New Collateral Source Law in Georgia 2025
New Georgia Law on Collateral Source Passed April 2025
After a great deal of legislative wrangling, Georgia passed a long overdue bill attempting to address one of the problems in the industry, artificially inflated medical bills from certain Doctors and clinics stemming from car accident cases. The problem is a lot of legitimate cases with real medical bills are going to get caught up in the mess and so lawyers and their client will need to navigate their way through cautiously.
Here is the body of the new bill and we will then go through and break down its meaning.
OCGA 51-12-1.1
(a) In any civil action to recover damages resulting from injury or death to a person, special damages for medical and healthcare expenses shall be recoverable only as provided in this Code section.
(b) Special damages for medical and healthcare expenses shall be limited to the reasonable value of medically necessary care, treatment, or services, and the amount of such special damages shall be determined by the trier of fact.
*Commentary: this part is nothing new*
(c) If the plaintiff in any such civil action has any form of public or private health insurance, including benefits under a governmental workers’ compensation program, evidence relevant to the determination of the reasonable value of medically necessary care, treatment, or services pursuant to subsection (b) of this Code section shall include both the amounts charged for past, present, or future medical and healthcare expenses and the amounts actually necessary to satisfy such charges pursuant to the insurance contract or the applicable governmental workers’ compensation program, regardless of whether the health insurance has been used, is used, or will be used to satisfy such charges.
*Commentary: This is where the problems start. This section only applies to people with health insurance accepted by the clinic they see or people covered under workers comp(note they screwed up drafting in that they left out workers comp after the word “regardless” so maybe it won’t apply if the person did not actually use comp. People with no health insurance are not affected by this.
What they appear to say is the that gross charge is shown to the jury as well as the contract amount the insurance company allows under their negotiated plan. Where is runs into further problems is in restricting future medical costs to costs allowed under and insurance plan that may have been in place when the crash happened but is or will be no longer due to job or market changes. It’s totally illogical when applied to future but will likely work until the whole statute is thrown out for treating different classes of plaintiffs differently.
What it doesn’t address is the fact that the client has to pay a lawyer 40% of the case value to take the case into litigation and the client had to pay health insurance premiums to have the benefit of the cheaper medical care. Can we now put that into evidence? It is probably up to the discretion of the trial court under (e) below, but no one really knows as of yet*
(d) In any claim for medical and healthcare expenses rendered under a letter of protection or any other arrangement by which a healthcare provider renders treatment in exchange for a promise of payment for the plaintiff’s medical and healthcare expenses from any judgment or settlement of a civil action to recover damages resulting from injury or death to a person, regardless of how such arrangement is referred to, the following shall be relevant and discoverable:
(1) A copy of the letter of protection;
(2) All charges for the plaintiff’s medical and healthcare expenses, which shall be
itemized and, to the extent applicable, coded according to generally accepted medical billing practices;
(3) If the healthcare provider sells the accounts receivable for the plaintiff’s medical and
healthcare expenses to a third party at less than the invoice price:
(A) The name of the third party; and
(B) The dollar amount for which the third party purchased such accounts receivable;
and
(4) Whether the claimant was referred for treatment under a letter of protection or other similar arrangement and, if so, the identity of the person who made the referral.
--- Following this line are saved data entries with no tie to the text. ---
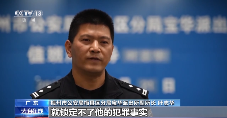 广东省梅州市公安局梅县区分局宝华派出所副所长 叶志华:对于我们的审查他是有自己的一套,在我们讯问的时候他也比较淡定,没有什么铁的证据的话,就锁定不了他的犯罪事实。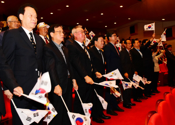 지난 15일 경기 안산문화예술의전당 달맞이극장에서 광복 제72주년을 기념해 '광복절 경축식'이 개최됐다. 사진은 제종길 시장(왼쪽에서 네번째)과 참석자들이 태극기를 들고 행사에 참여하고 있는 모습.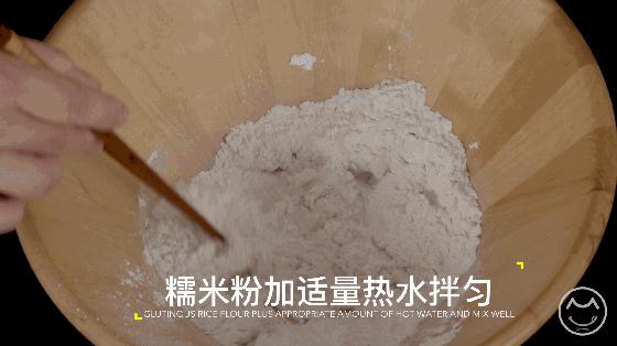 1. 在糯米粉中加入适量的热水搅拌均匀,静置备用。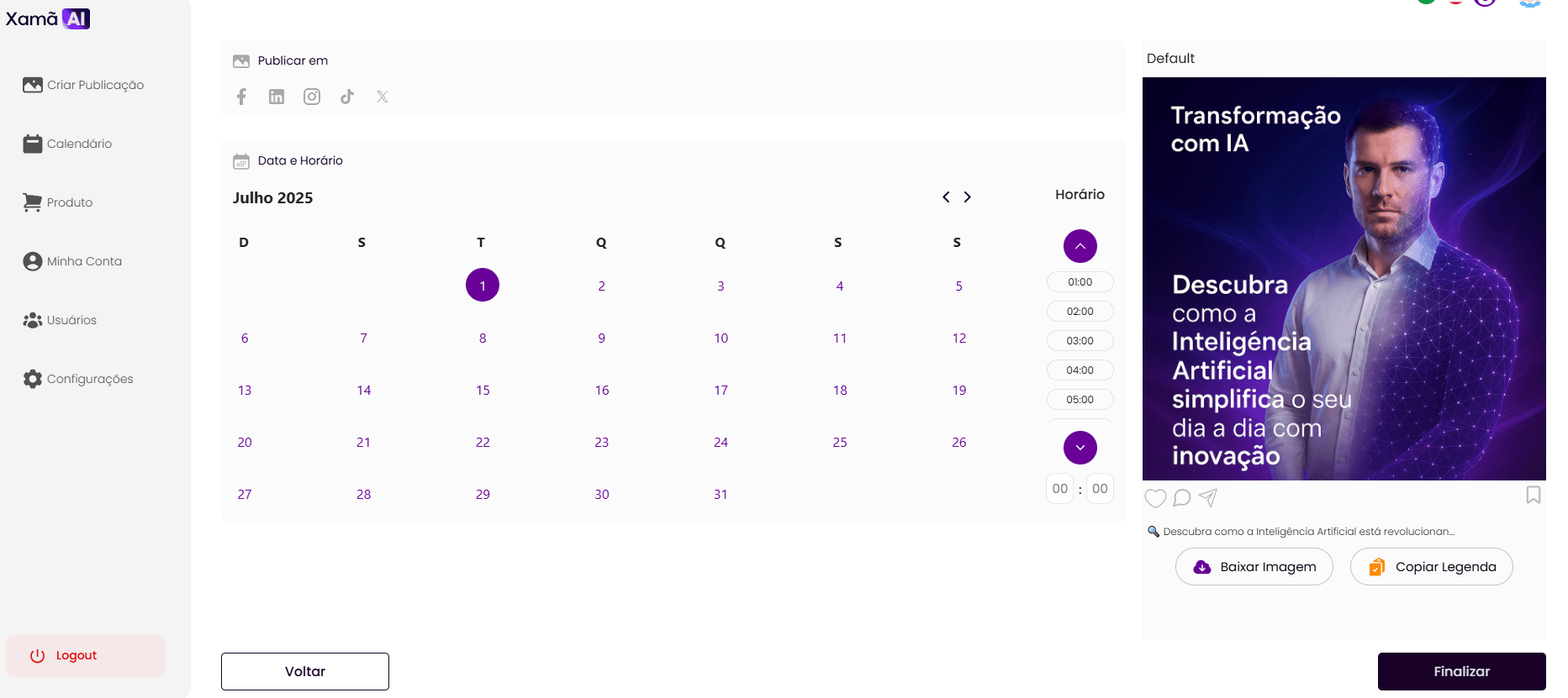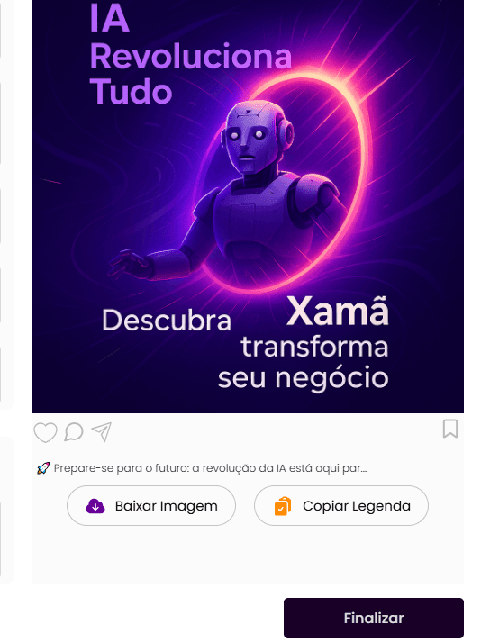 Caso você não queira agendar a publicação diretamente pela plataforma, mas sim fazê-lo manualmente, pode baixar a imagem gerada e copiar a legenda.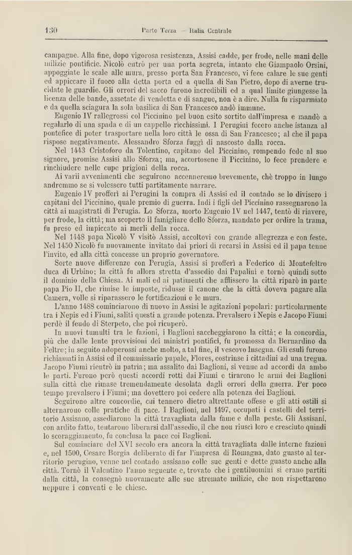 campagne. Alla fine, dopo vigorosa resistenza, Assisi cadde, per frode, nelle mani delle milizie pontificie. Nicolò entrò per una porta segreta, intanto che Giampaolo Orsini, appoggiate le scale alle mura, presso porta San Francesco, vi fece calare le sue genti ed appiccare il fuoco alla detta porta ed a quella di San Pietro, dopo di averne trucidate le guardie. Gli orrori del sacco furono incredibili ed a qual limite giungesse la licenza delle bande, assetate di vendetta e di sangue, non è a dire. Nulla fu risparmiato e da quella sciagura la sola basilica di San Francesco andò immiine.

*Commentary: This applies to people without health insurance usually as they often treat with a doctor on a lien or credit, if you will. Because there is a risk that the plaintiff will lose the case and the accounts can take up to 5 years to pay as a case wanders through the court system, Doctors charge more for these treatments because they carry the accounts that entire time. The law says that if the Doctor ever sells the medical debt to a third party, then the jury gets to hear what the Doctor actually got paid for it. That seems pretty fair. Also fair for the jury to know if the lawyer made the referral to the Doctor. this section I really don’t have a problem with. I would love to see Plaintiffs send a letter to the insurer saying “Hey I need this surgery, if you insurance company will pay for it upfront with cash, I can get a cheaper price.” They will refuse of course but how can they complain at trial if it costs more on credit than at a cash price?*
(e) It is the intent of the General Assembly that this Code section abrogates the common law collateral source rule to the extent necessary to introduce the evidence described in this Code section; provided, however, that nothing in this Code section shall be construed or applied to prevent the court from issuing appropriate jury instructions to clarify the role of collateral source payments and to prevent potential jury confusion regarding the effect of collateral source payments on the plaintiff’s recovery.
(f) Nothing in this Code section shall be construed or applied to limit the right of a plaintiff or defendant to present evidence or testimony, or both, challenging the reasonableness of medical and healthcare expenses, whether incurred or projected future expenses, or the medical necessity of any treatment.”